[Recorded data]
------------------------------------------------
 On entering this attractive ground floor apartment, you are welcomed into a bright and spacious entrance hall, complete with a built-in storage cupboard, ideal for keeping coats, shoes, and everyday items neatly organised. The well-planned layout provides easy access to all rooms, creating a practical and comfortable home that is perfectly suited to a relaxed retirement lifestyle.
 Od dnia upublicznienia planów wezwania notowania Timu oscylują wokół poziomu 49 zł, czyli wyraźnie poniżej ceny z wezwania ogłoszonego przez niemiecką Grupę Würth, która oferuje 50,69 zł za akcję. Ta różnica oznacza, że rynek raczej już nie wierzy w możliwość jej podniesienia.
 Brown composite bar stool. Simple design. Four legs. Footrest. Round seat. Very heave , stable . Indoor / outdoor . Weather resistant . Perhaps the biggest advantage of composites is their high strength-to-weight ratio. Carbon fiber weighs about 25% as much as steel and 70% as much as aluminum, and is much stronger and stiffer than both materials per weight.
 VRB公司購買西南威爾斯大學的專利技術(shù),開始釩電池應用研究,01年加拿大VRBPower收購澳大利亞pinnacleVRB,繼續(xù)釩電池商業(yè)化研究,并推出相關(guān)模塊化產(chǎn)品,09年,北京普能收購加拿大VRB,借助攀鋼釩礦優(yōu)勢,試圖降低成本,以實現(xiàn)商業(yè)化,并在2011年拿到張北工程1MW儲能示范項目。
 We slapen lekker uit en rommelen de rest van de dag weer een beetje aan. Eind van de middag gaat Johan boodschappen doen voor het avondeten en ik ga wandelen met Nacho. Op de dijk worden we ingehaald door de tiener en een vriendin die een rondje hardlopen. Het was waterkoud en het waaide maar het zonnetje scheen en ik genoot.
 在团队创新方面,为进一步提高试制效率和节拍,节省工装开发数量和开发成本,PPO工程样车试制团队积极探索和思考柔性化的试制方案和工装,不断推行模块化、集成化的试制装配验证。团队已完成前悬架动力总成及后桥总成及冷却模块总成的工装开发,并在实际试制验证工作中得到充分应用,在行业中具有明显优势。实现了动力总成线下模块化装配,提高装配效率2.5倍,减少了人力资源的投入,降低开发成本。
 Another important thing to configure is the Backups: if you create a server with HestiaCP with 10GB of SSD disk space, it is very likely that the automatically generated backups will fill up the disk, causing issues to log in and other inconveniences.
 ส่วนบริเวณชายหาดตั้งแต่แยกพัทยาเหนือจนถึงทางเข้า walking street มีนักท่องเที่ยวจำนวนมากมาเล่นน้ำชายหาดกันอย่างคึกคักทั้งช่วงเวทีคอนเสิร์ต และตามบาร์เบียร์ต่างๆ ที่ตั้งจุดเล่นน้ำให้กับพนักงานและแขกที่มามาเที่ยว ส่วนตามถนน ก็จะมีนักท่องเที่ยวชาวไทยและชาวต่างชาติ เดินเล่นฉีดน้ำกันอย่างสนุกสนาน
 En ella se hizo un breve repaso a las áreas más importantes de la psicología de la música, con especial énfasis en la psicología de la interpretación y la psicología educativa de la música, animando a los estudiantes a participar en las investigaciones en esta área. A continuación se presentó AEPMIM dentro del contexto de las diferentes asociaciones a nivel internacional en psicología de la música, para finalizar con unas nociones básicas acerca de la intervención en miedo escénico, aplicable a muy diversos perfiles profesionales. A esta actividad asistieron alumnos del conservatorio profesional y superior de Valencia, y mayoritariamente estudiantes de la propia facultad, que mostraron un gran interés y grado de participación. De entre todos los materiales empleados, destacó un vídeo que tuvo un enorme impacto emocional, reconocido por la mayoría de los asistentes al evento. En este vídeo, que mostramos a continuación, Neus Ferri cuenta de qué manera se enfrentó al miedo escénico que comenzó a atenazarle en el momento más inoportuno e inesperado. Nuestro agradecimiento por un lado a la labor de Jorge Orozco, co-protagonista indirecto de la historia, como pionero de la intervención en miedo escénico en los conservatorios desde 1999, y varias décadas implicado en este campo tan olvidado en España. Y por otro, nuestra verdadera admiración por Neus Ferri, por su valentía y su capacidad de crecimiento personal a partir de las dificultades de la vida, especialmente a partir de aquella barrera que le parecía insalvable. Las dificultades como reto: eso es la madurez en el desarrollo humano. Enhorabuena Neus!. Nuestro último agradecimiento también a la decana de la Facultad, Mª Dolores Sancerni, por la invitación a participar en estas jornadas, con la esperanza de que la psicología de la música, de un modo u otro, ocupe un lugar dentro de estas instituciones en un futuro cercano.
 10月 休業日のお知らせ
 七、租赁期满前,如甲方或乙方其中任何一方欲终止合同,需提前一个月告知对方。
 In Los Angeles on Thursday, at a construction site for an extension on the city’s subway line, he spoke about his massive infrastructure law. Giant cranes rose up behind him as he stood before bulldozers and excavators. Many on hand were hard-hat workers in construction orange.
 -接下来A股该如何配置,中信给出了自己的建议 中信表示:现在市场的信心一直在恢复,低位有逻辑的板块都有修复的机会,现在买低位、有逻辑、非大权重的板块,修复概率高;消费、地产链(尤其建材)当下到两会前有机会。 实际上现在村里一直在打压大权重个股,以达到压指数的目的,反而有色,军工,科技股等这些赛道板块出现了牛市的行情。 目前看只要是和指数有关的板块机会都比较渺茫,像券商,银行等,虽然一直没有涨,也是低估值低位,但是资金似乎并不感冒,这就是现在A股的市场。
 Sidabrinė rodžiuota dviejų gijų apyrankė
------------------------------------------------
■ **Exercise aim**: Please transcribe every entry above exactly as it appears.

■ **Solved exercise**:
 On entering this attractive ground floor apartment, you are welcomed into a bright and spacious entrance hall, complete with a built-in storage cupboard, ideal for keeping coats, shoes, and everyday items neatly organised. The well-planned layout provides easy access to all rooms, creating a practical and comfortable home that is perfectly suited to a relaxed retirement lifestyle.
 Od dnia upublicznienia planów wezwania notowania Timu oscylują wokół poziomu 49 zł, czyli wyraźnie poniżej ceny z wezwania ogłoszonego przez niemiecką Grupę Würth, która oferuje 50,69 zł za akcję. Ta różnica oznacza, że rynek raczej już nie wierzy w możliwość jej podniesienia.
 Brown composite bar stool. Simple design. Four legs. Footrest. Round seat. Very heave , stable . Indoor / outdoor . Weather resistant . Perhaps the biggest advantage of composites is their high strength-to-weight ratio. Carbon fiber weighs about 25% as much as steel and 70% as much as aluminum, and is much stronger and stiffer than both materials per weight.
 VRB公司購買西南威爾斯大學的專利技術(shù),開始釩電池應用研究,01年加拿大VRBPower收購澳大利亞pinnacleVRB,繼續(xù)釩電池商業(yè)化研究,并推出相關(guān)模塊化產(chǎn)品,09年,北京普能收購加拿大VRB,借助攀鋼釩礦優(yōu)勢,試圖降低成本,以實現(xiàn)商業(yè)化,并在2011年拿到張北工程1MW儲能示范項目。
 We slapen lekker uit en rommelen de rest van de dag weer een beetje aan. Eind van de middag gaat Johan boodschappen doen voor het avondeten en ik ga wandelen met Nacho. Op de dijk worden we ingehaald door de tiener en een vriendin die een rondje hardlopen. Het was waterkoud en het waaide maar het zonnetje scheen en ik genoot.
 在团队创新方面,为进一步提高试制效率和节拍,节省工装开发数量和开发成本,PPO工程样车试制团队积极探索和思考柔性化的试制方案和工装,不断推行模块化、集成化的试制装配验证。团队已完成前悬架动力总成及后桥总成及冷却模块总成的工装开发,并在实际试制验证工作中得到充分应用,在行业中具有明显优势。实现了动力总成线下模块化装配,提高装配效率2.5倍,减少了人力资源的投入,降低开发成本。
 Another important thing to configure is the Backups: if you create a server with HestiaCP with 10GB of SSD disk space, it is very likely that the automatically generated backups will fill up the disk, causing issues to log in and other inconveniences.
 ส่วนบริเวณชายหาดตั้งแต่แยกพัทยาเหนือจนถึงทางเข้า walking street มีนักท่องเที่ยวจำนวนมากมาเล่นน้ำชายหาดกันอย่างคึกคักทั้งช่วงเวทีคอนเสิร์ต และตามบาร์เบียร์ต่างๆ ที่ตั้งจุดเล่นน้ำให้กับพนักงานและแขกที่มามาเที่ยว ส่วนตามถนน ก็จะมีนักท่องเที่ยวชาวไทยและชาวต่างชาติ เดินเล่นฉีดน้ำกันอย่างสนุกสนาน
 En ella se hizo un breve repaso a las áreas más importantes de la psicología de la música, con especial énfasis en la psicología de la interpretación y la psicología educativa de la música, animando a los estudiantes a participar en las investigaciones en esta área. A continuación se presentó AEPMIM dentro del contexto de las diferentes asociaciones a nivel internacional en psicología de la música, para finalizar con unas nociones básicas acerca de la intervención en miedo escénico, aplicable a muy diversos perfiles profesionales. A esta actividad asistieron alumnos del conservatorio profesional y superior de Valencia, y mayoritariamente estudiantes de la propia facultad, que mostraron un gran interés y grado de participación. De entre todos los materiales empleados, destacó un vídeo que tuvo un enorme impacto emocional, reconocido por la mayoría de los asistentes al evento. En este vídeo, que mostramos a continuación, Neus Ferri cuenta de qué manera se enfrentó al miedo escénico que comenzó a atenazarle en el momento más inoportuno e inesperado. Nuestro agradecimiento por un lado a la labor de Jorge Orozco, co-protagonista indirecto de la historia, como pionero de la intervención en miedo escénico en los conservatorios desde 1999, y varias décadas implicado en este campo tan olvidado en España. Y por otro, nuestra verdadera admiración por Neus Ferri, por su valentía y su capacidad de crecimiento personal a partir de las dificultades de la vida, especialmente a partir de aquella barrera que le parecía insalvable. Las dificultades como reto: eso es la madurez en el desarrollo humano. Enhorabuena Neus!. Nuestro último agradecimiento también a la decana de la Facultad, Mª Dolores Sancerni, por la invitación a participar en estas jornadas, con la esperanza de que la psicología de la música, de un modo u otro, ocupe un lugar dentro de estas instituciones en un futuro cercano.
 10月 休業日のお知らせ
 七、租赁期满前,如甲方或乙方其中任何一方欲终止合同,需提前一个月告知对方。
 In Los Angeles on Thursday, at a construction site for an extension on the city’s subway line, he spoke about his massive infrastructure law. Giant cranes rose up behind him as he stood before bulldozers and excavators. Many on hand were hard-hat workers in construction orange.
 -接下来A股该如何配置,中信给出了自己的建议 中信表示:现在市场的信心一直在恢复,低位有逻辑的板块都有修复的机会,现在买低位、有逻辑、非大权重的板块,修复概率高;消费、地产链(尤其建材)当下到两会前有机会。 实际上现在村里一直在打压大权重个股,以达到压指数的目的,反而有色,军工,科技股等这些赛道板块出现了牛市的行情。 目前看只要是和指数有关的板块机会都比较渺茫,像券商,银行等,虽然一直没有涨,也是低估值低位,但是资金似乎并不感冒,这就是现在A股的市场。
 Sidabrinė rodžiuota dviejų gijų apyrankė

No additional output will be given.